Druids can no longer spend an entire rest in beast form.

The resting and healing spells also get messed by 7 day long rests. No more casting goodberry before going to sleep. No sleeping in leomund's tiny hut or mordenkainen's magnificent mansion. No point in casting alarm, mordenkainen's faithful hound, or nondetection to protect you while you rest (especially the last two, which are not rituals).

The logistics of buying and carrying rations also becomes a problem. A 7 day long rest requires 14lb of food and 58 pounds of water, per person! After all, you won't be foraging for food - you can't do activities like that during a rest (otherwise it is not restful). Who is carrying all of that? I guess it encourages PCs to buy pack animals but now you have to feed and water those animals, and protect them.

These are all features not bugs IMO. :p
 

S'mon

Legend
What do you guys, that run more encounters per long-rest do, in terms of making the game fun for your spell-casting classes, if you do that at all, or do you just make them auto attack at some point?

With 6 encounters before a LR, casters need to conserve powerful spells and use them carefully. That resource management is part of the fun of playing a caster - when they unleash the (eg) Hypnotic Pattern or Fireball on the enemy horde and trivialise a nasty encounter.
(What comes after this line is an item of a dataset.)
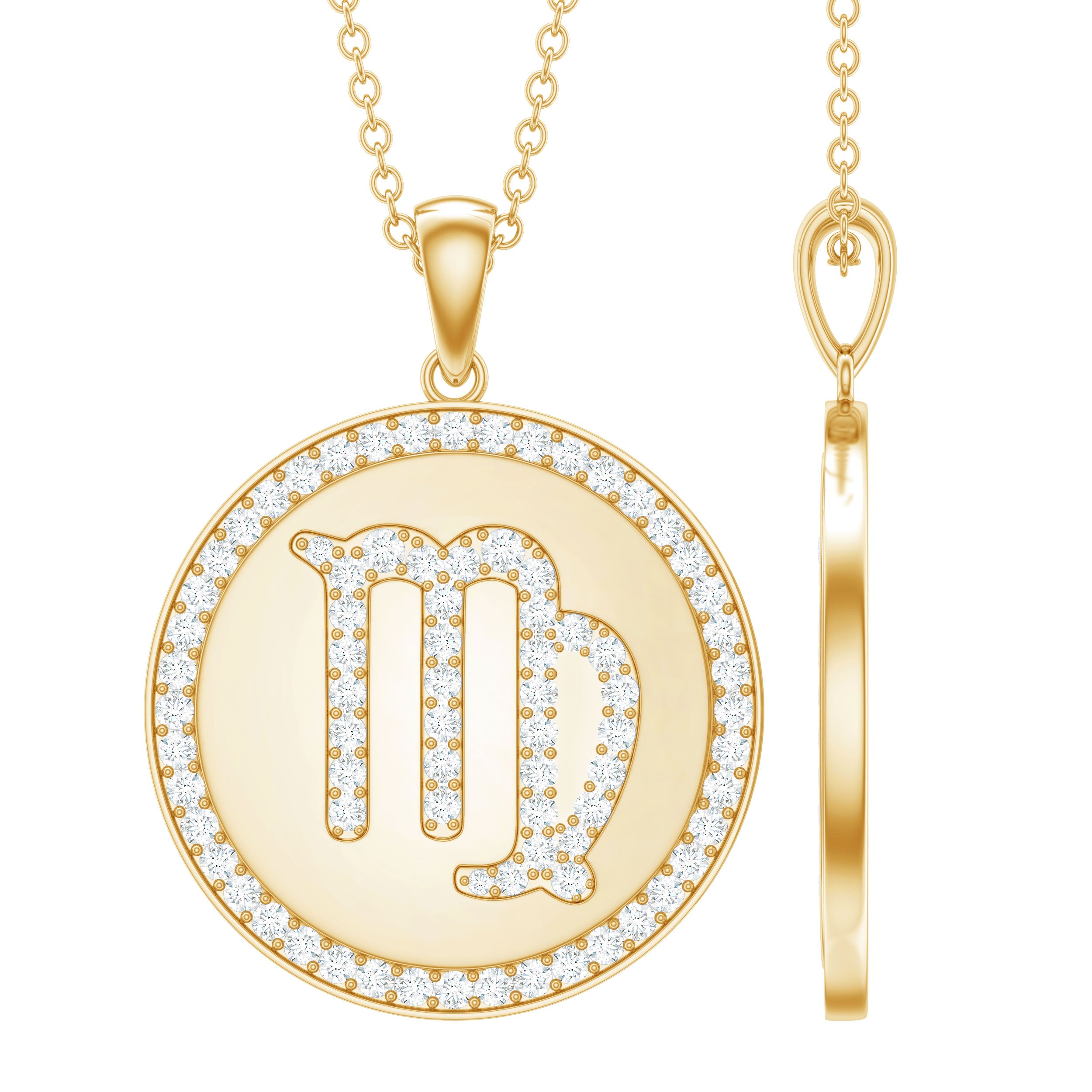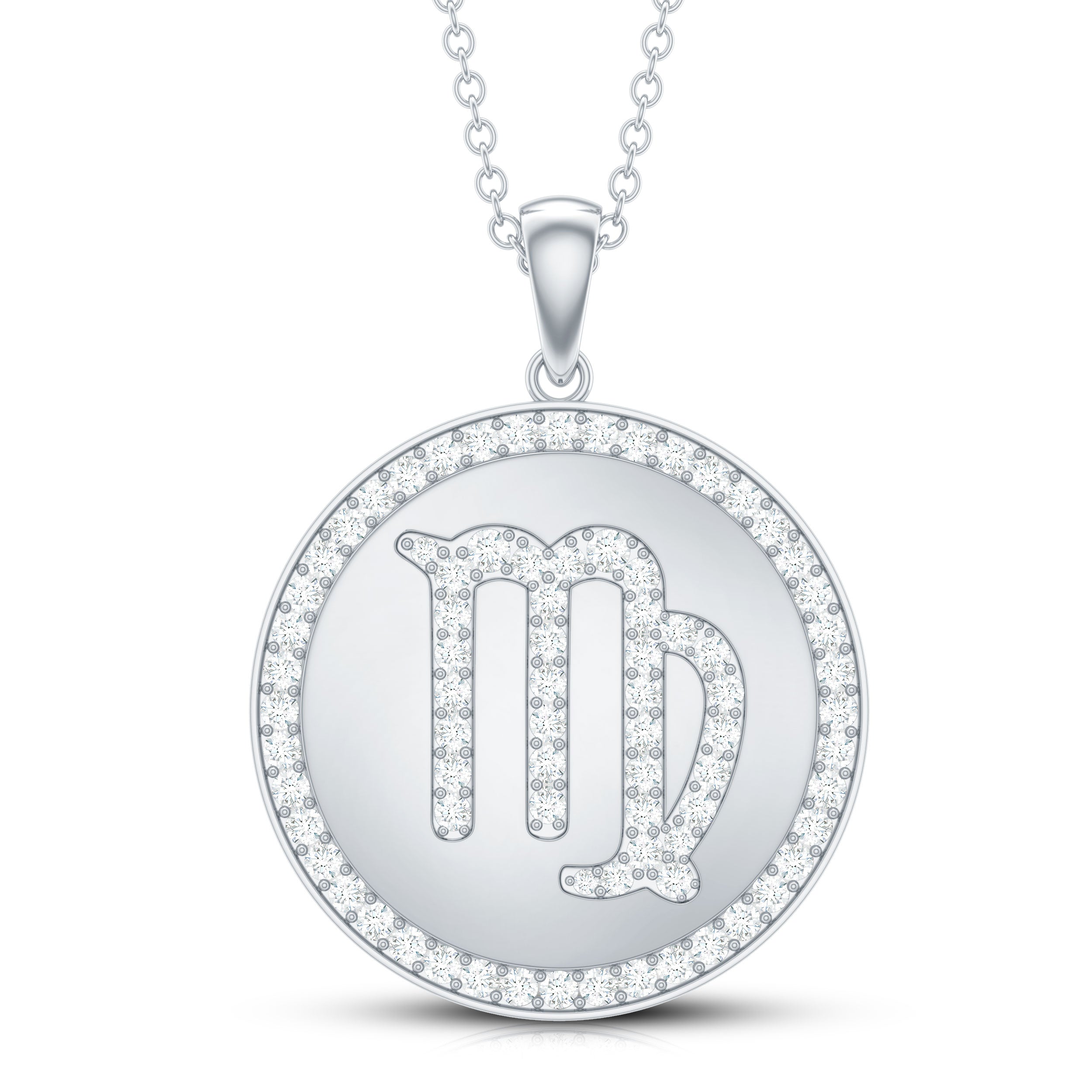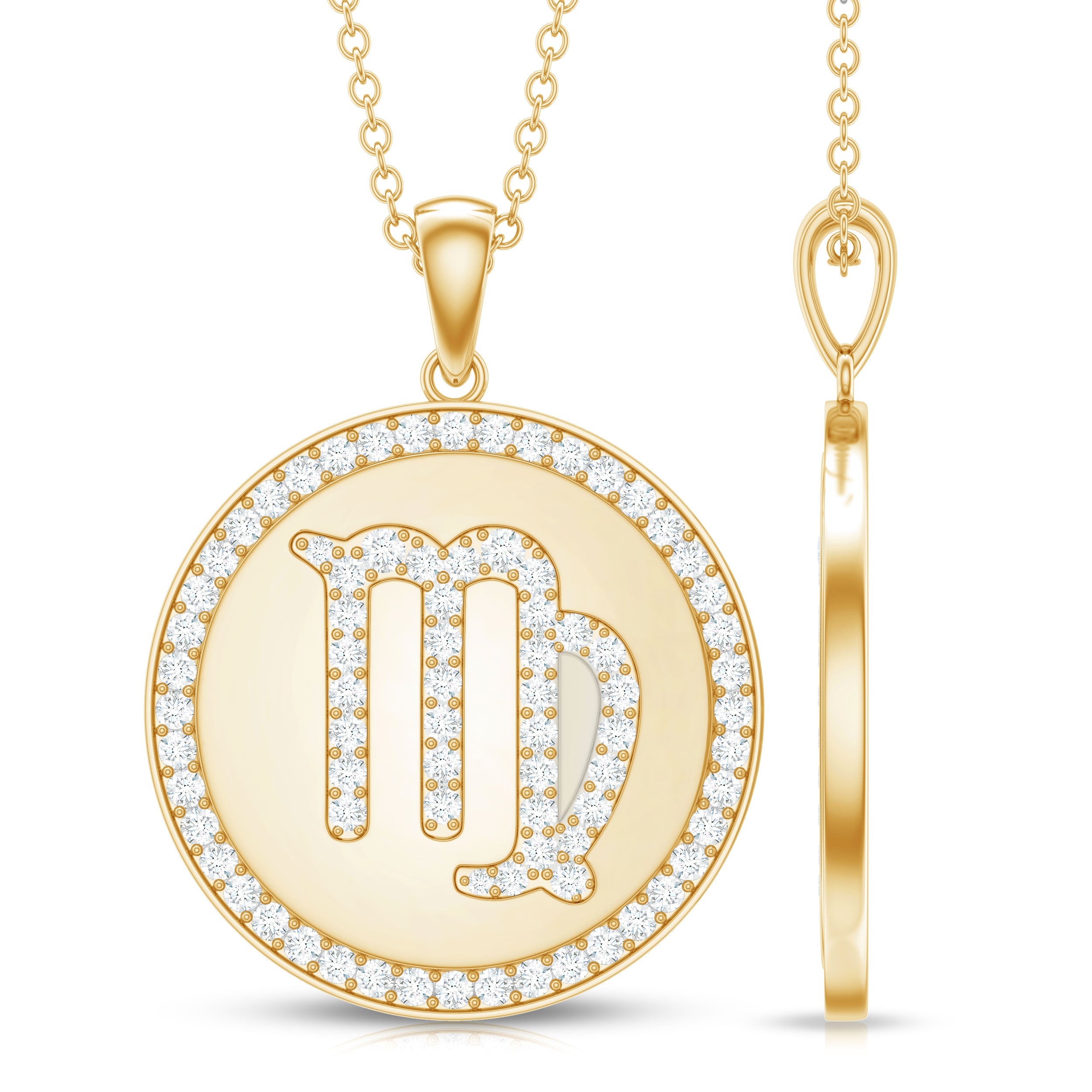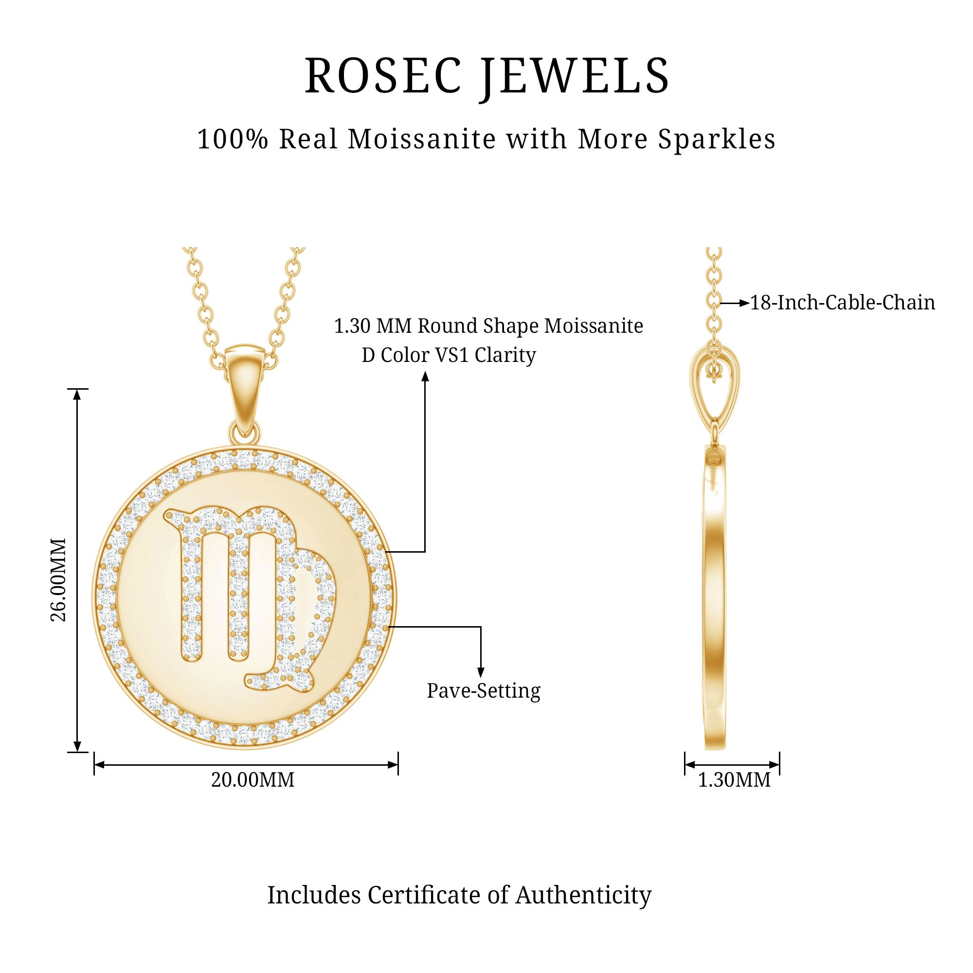 Virgo Zodiac Sign Disc Pendant with Pave Set Moissanite

With 1-2 fights per LR they get to trivialise every encounter and make the non-casters look weak.
 

To make wilderness travel work better I sketched out the idea of a 'rough rest'. I haven't had the chance to play test it though. I imagine it would need some tweaking.

Rough Rest:
Any time the PCs have to set watches AND/OR sleep in armour.
Don't regain all the benefits of long rest. Instead.:
  • Regain 1 hit die.
  • Regain 1 non spell slot long rest resource of each type. Eg: 1 Barbarian Rage. 1 Samurai Fighting Spirit. 1 Indomitable 1 Arcane Recovery. Half Sorcerer Level Rounded Up in Sorcery points
  • Restore half-total hit points.
  • Restore Spell slots as by "Arcane Recovery" or "Natural Recovery*"

*These last 2 powers gain a new restriction. They cannot recover spell slots beyond what the caster began the day with.

In addition a level of exhaustion can be recovered in a short or long rest - however this recovery always costs 1 hit die.

Of course this is assuming especially dangerous wilderness travel such as you might have in the Scarred Lands or Dark Sun settings. It seems to me that if you are only having one or two encounters during wilderness travel, then you could simply rule that rough sleeping, which assumes precautions such as setting watch, won't result in the benefits of a long rest.
 

Li Shenron

Legend
Did your party ever try to go to bed after just waking up recently?

First of all, technically you don't need to go to sleep in order to have a long rest, you only need to spend 8 hours quietly (see PHB for details), and you cannot have more than one long rest every day (24 hours).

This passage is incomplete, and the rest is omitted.